Pregnancy, briefly. Warfarin is embryopathic (first-trimester exposure) and DOACs are contraindicated — anticoagulation in pregnancy is LMWH, and the detailed management belongs to obstetric medicine. The physician's duty is the pre-pregnancy conversation for every woman of childbearing potential on long-term anticoagulation [9].
Triple therapy after PCI in AF — shortest wins
The patient with AF who gets a stent concentrates three risks — stroke, stent thrombosis, and bleeding — into one prescription. Triple therapy (anticoagulant + aspirin + P2Y12 inhibitor) suppresses the first two and maximises the third. Three trials rebuilt the strategy around double therapy with the earliest possible aspirin exit [28] [29] [30]:
| Trial | Design | Finding | What it changed |
|---|---|---|---|
| PIONEER AF-PCI (2016) | Rivaroxaban 15 mg + P2Y12 vs triple therapy with warfarin | Double therapy bled substantially less with similar efficacy | First proof that less antithrombotic intensity is safer [28] |
| RE-DUAL (2017) | Dabigatran + P2Y12 vs warfarin triple | Dual therapy cut bleeding, non-inferior for thromboembolism | Confirmed the class effect [30] |
| AUGUSTUS (2019) | 2×2: apixaban vs warfarin, aspirin vs placebo, after ACS/PCI in AF | Apixaban bled less than warfarin; aspirin roughly doubled bleeding without reducing ischaemic events | The cleanest indictment of routine prolonged aspirin [29] |
The working protocol: triple therapy only for the periprocedural window (up to about a week, rarely 30 days in very high ischaemic risk), then an anticoagulant plus a single P2Y12 inhibitor (clopidogrel — not prasugrel or ticagrelor, which were minimally studied here) to 12 months, then the anticoagulant alone [29] [30]. The exam trap is reflexly prescribing a year of triple therapy "because he has a stent AND AF".
The DCE long case — anticoagulation in multimorbidity
The archetypal long case is the 82-year-old with AF, CKD (CrCl 38), recurrent falls, a GI bleed last year, and apixaban stopped by a well-meaning locum. The examiner's interest is never the drug list — it is the reasoning chain: quantify the stroke risk (CHA₂DS₂-VASc), quantify and modify the bleeding risk (HAS-BLED points you to fixable items — uncontrolled BP, interacting drugs, labile behaviour), choose the agent on renal and bleeding pharmacology, then defend the choice against each objection the family raises [34] [35].

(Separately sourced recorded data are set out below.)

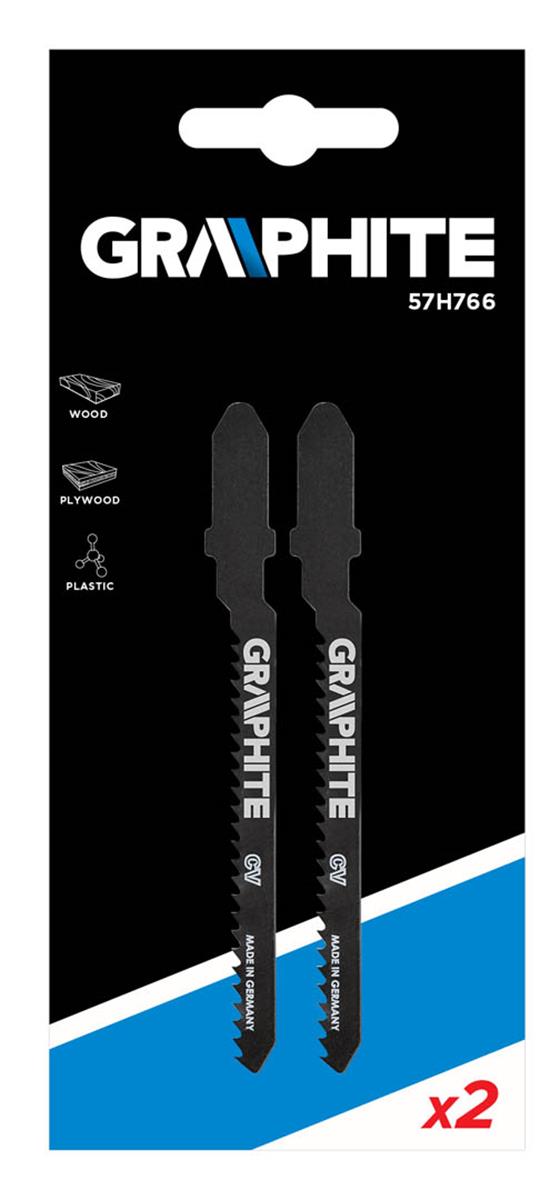 GRAPHITE Decoupeerzaagbladen voor Hout/kunststof Fijn 2 stuks. GRAPHITE decoupeerzaagbladen worden gebruikt voor semi-nauwkeurig zagen van hout en kunststof en multiplex. Dankzij de T-schacht kunnen de zaagbladen in alle decoupeerzagen met BOSCH-houder en universele houder worden gebruikt. Gebruik van CrV-staal (chroom-vanadium) geeft een hoge elasticiteit en weerstand tegen hoge temperaturen. Gepolijste zijvlakken van het mes verminderen wrijving en opwarming van het mes tijdens het snijden. Het zaagblad bevat 12 tanden per inch, de totale lengte is 75mm en de werklengte 50mm. Bladtype is fijn. Het blad heeft een extra dunnere schacht waardoor er makkelijker gewerkt kan worden in bochten, lastige plekken en fijn materiaal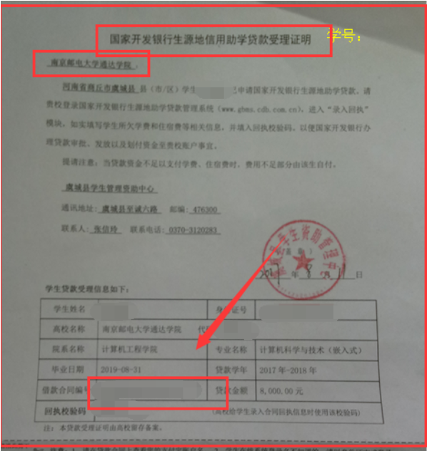 现开展国家开发银行(请注意这里是:国家开发银行,其他银行不收取)信用助学贷款回执验证码(回执校验码)的收取工作。相关工作内容如下: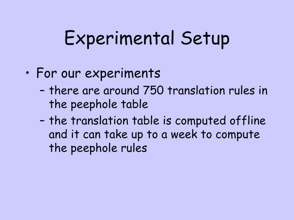 Experimental Setup • For our experiments • there are around 750 translation rules in the peephole table • the translation table is computed offline and it can take up to a week to compute the peephole rules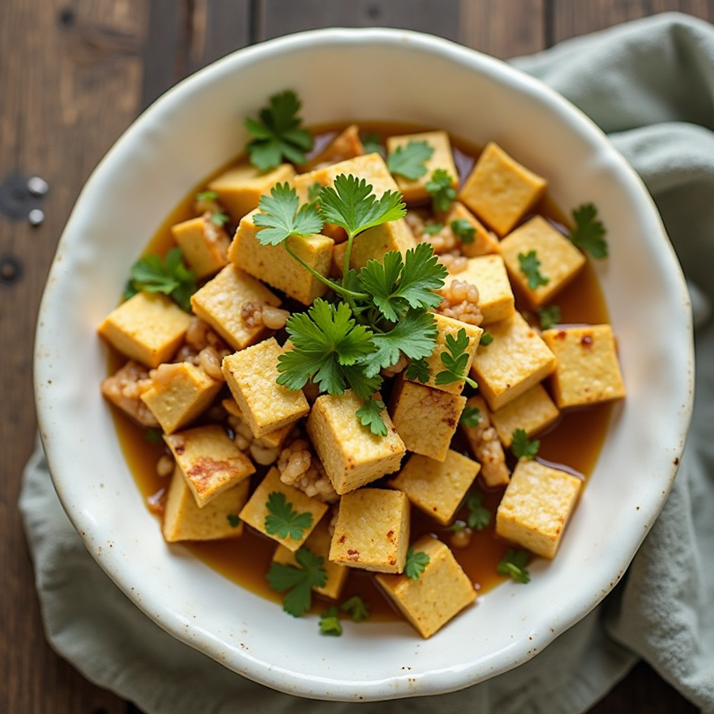El tofu es una excelente fuente de proteínas vegetales y bajo en grasas, mientras que el taro ofrece vitaminas B y minerales como potasio. Juntos, estos ingredientes contribuyen a una dieta equilibrada. Este plato puede disfrutarse por su textura suave y sabores ligeramente picantes del jengibre, ideales para quienes buscan opciones saludables y sabrosas.

The viva answer that distinguishes a physician: "The falls do not change the answer — the stroke risk dominates the arithmetic — but they change the work. I address the falls themselves, I pick the anticoagulant with the lowest intracranial bleeding rate, I check renal function on schedule, and I revisit the decision after every bleed rather than letting one event silently retire the drug" [33]. The second distinguishing move is anticipating the scenarios: what happens to this regimen at surgery, at a future bleed, if the creatinine worsens, if he develops cancer.
Short-case angles. The AF examination (irregularly irregular pulse, rate control, signs of valve disease, thyroid status, heart failure) ends in an anticoagulation discussion — so examine with the decision in mind: a mechanical valve click or a mitral stenosis murmur changes the drug answer completely. The pre-procedure short case tests the perioperative protocol above. The bleeding short case tests reversal and resumption logic [5] [18].